## [DIRECTIONS]
Once the line containing "자그미트 내외가 우리를" is found, please copy it and all lines after it through the end of the records, exactly, leaving out pictures.

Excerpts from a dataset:
▬▬▬▬▬▬▬▬▬▬

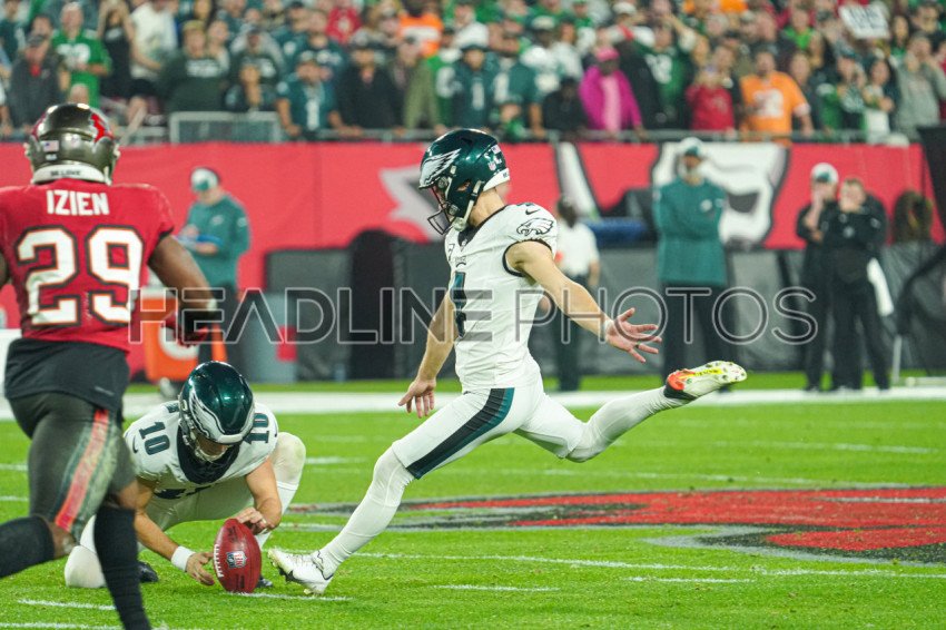 Tampa Bay, Florida, USA, January 15, 2024, Philadelphia Eagles kicker Jake Elliott #4 makes a kick at Raymond James Stadium. (Photo Credit: Marty Jean-Louis)
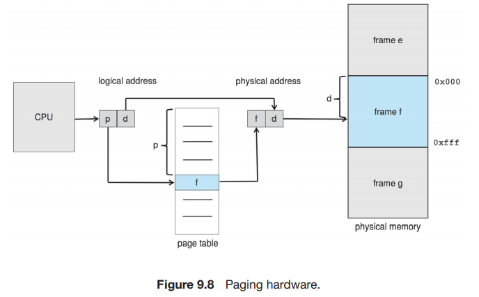 - 通过页表将 page number 转换为对应的 frame 的 base address
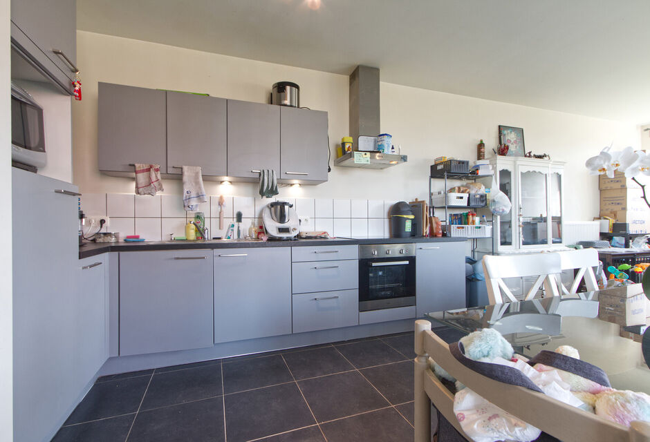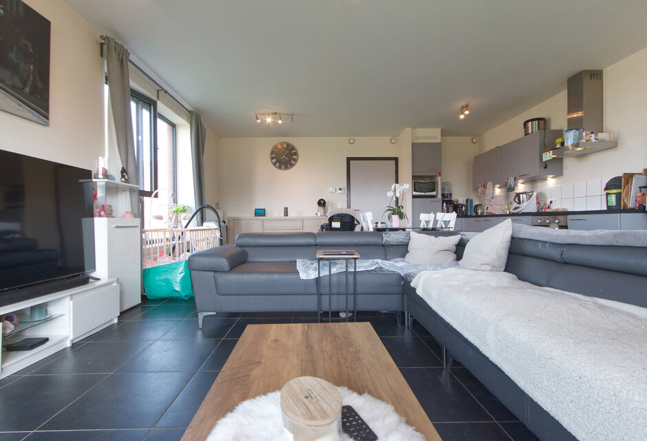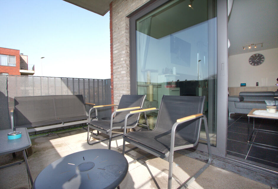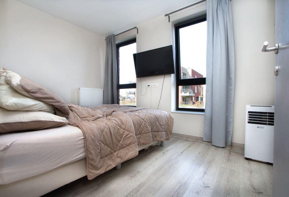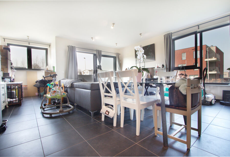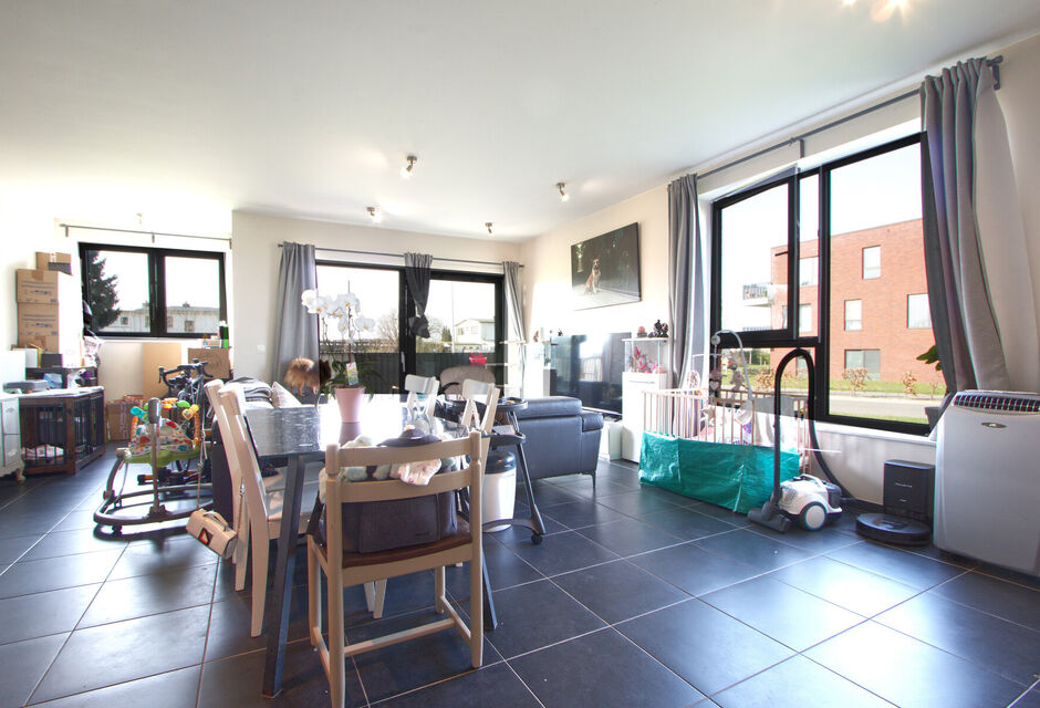 GELIJKVLOERS APPARTEMENT met 2 SLAAPKAMERS voorzien van privé-parking, rustig gelegen in de stadsrand, van recent bouwjaar (2018) en met beperkte gemeenschappelijke kosten.
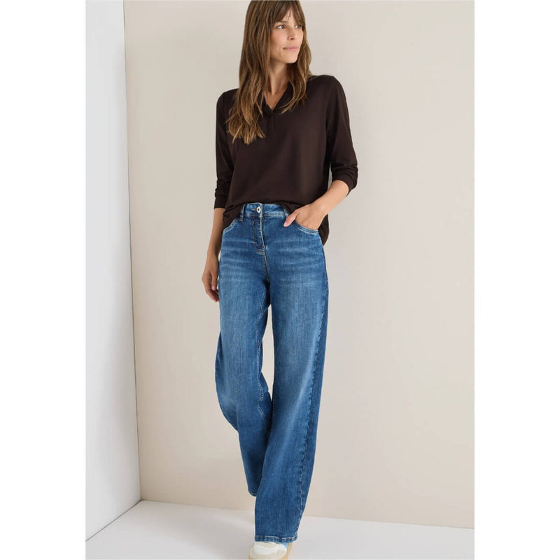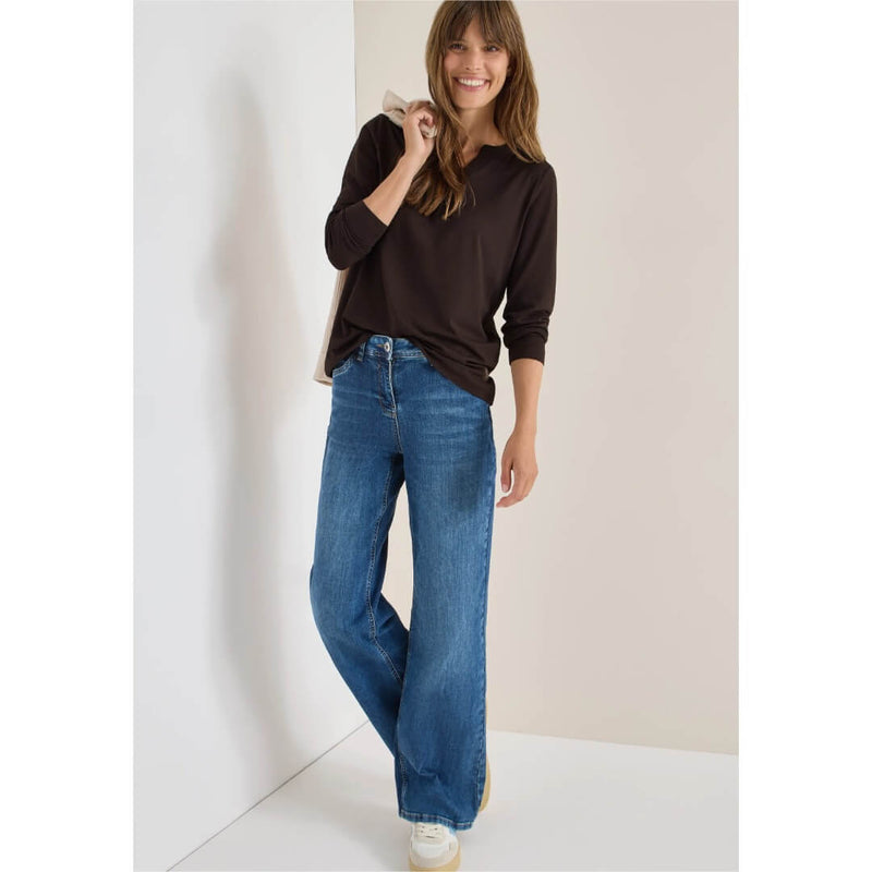 Cecil paita. Monikäyttöinen trikoopaita miellyttävän pehmeässä ja joustavassa puuvilla-modaalilaadussa. Paidassa v-aukkoinen pääntie ja pitkät hihat. Paidan mitat koossa M on rinnnanympärys 109cm, helma 108cm ja pituus 64cm
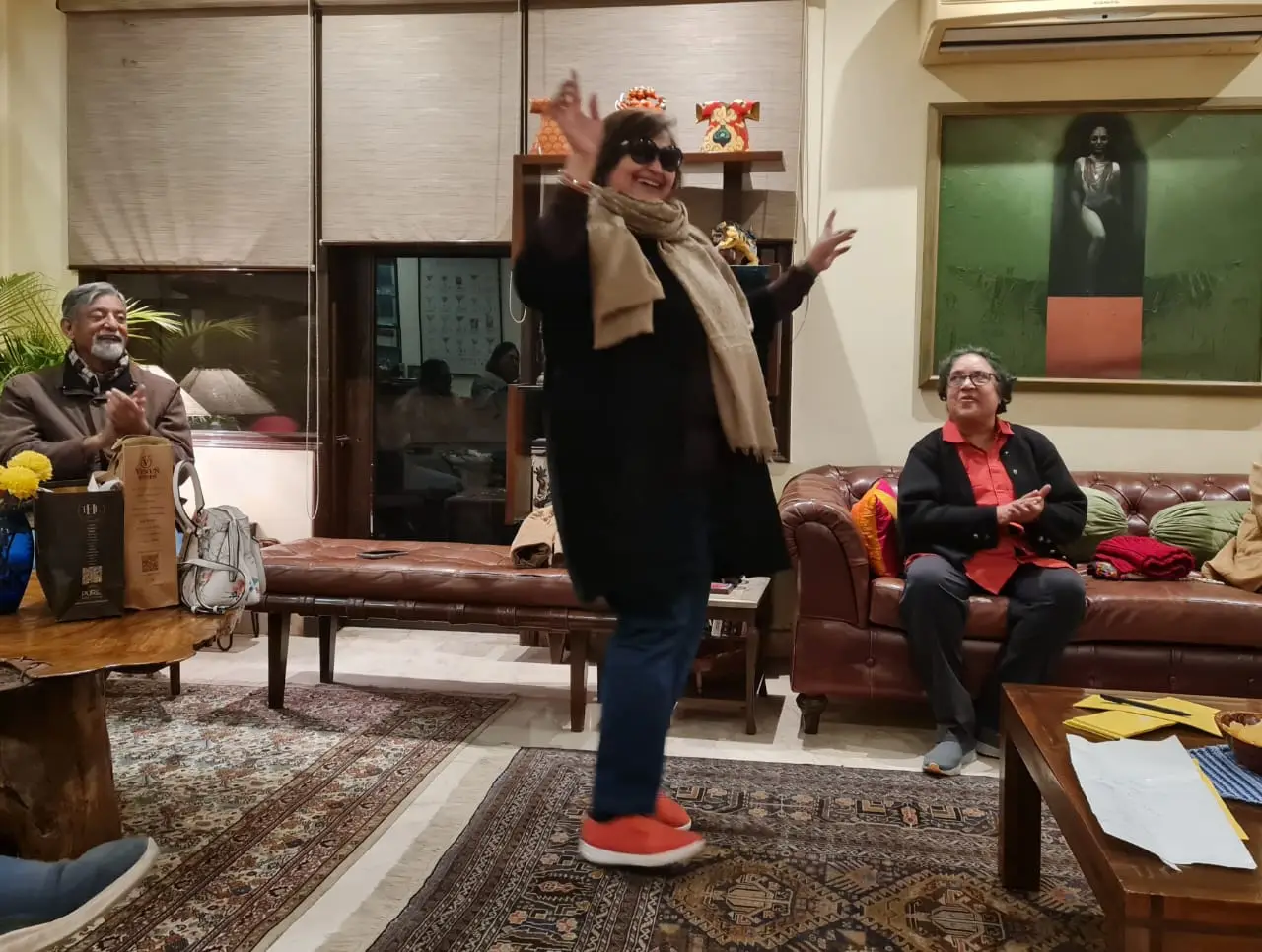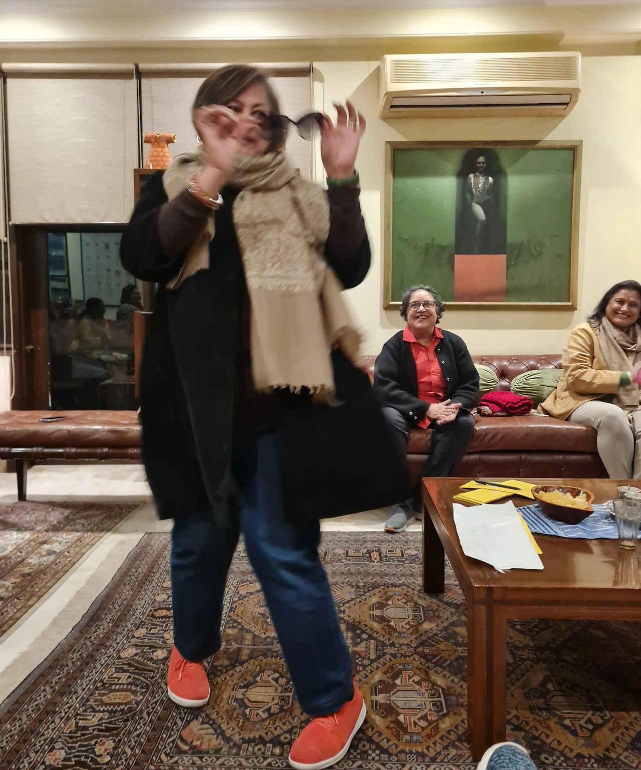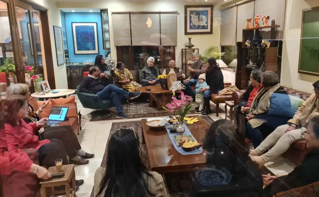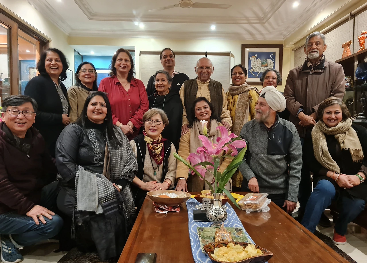자그미트 내외가 우리를 픽업하러 왔고 비산트 비하르 A블럭의 산자나네 집은 작은 박물관을 방불케 한다. 입구부터 소똥을 바른 벽에는 유리를 박아서 장식을 하였고 박물관에서보던 그림과 조각들이 벽과 집안 곳곳을 장식하고 있었다. 하지만 어수선하지 않고 품위있게 제자리를 차지하고 있는 것이 무척 어울렸다. 집도 아주 넓어서 18명이나 되는 인원이 한 곳에 모여도 비좁지가 않았다. 일하는 사람도 세명이나 되어 물과 짜이를 계속 서빙하고 있었다.
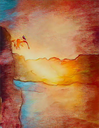 This boy, he shifts his weight onto his back foot and his muscles tense and in one fluid movement he powers toward the cliff edge and leaps out and for an instant his body is framed by the sun, knees tucked into his chest, arms spread wide.

▬▬▬▬▬▬▬▬▬▬

## [ANSWER SECTION]
자그미트 내외가 우리를 픽업하러 왔고 비산트 비하르 A블럭의 산자나네 집은 작은 박물관을 방불케 한다. 입구부터 소똥을 바른 벽에는 유리를 박아서 장식을 하였고 박물관에서보던 그림과 조각들이 벽과 집안 곳곳을 장식하고 있었다. 하지만 어수선하지 않고 품위있게 제자리를 차지하고 있는 것이 무척 어울렸다. 집도 아주 넓어서 18명이나 되는 인원이 한 곳에 모여도 비좁지가 않았다. 일하는 사람도 세명이나 되어 물과 짜이를 계속 서빙하고 있었다.
 This boy, he shifts his weight onto his back foot and his muscles tense and in one fluid movement he powers toward the cliff edge and leaps out and for an instant his body is framed by the sun, knees tucked into his chest, arms spread wide.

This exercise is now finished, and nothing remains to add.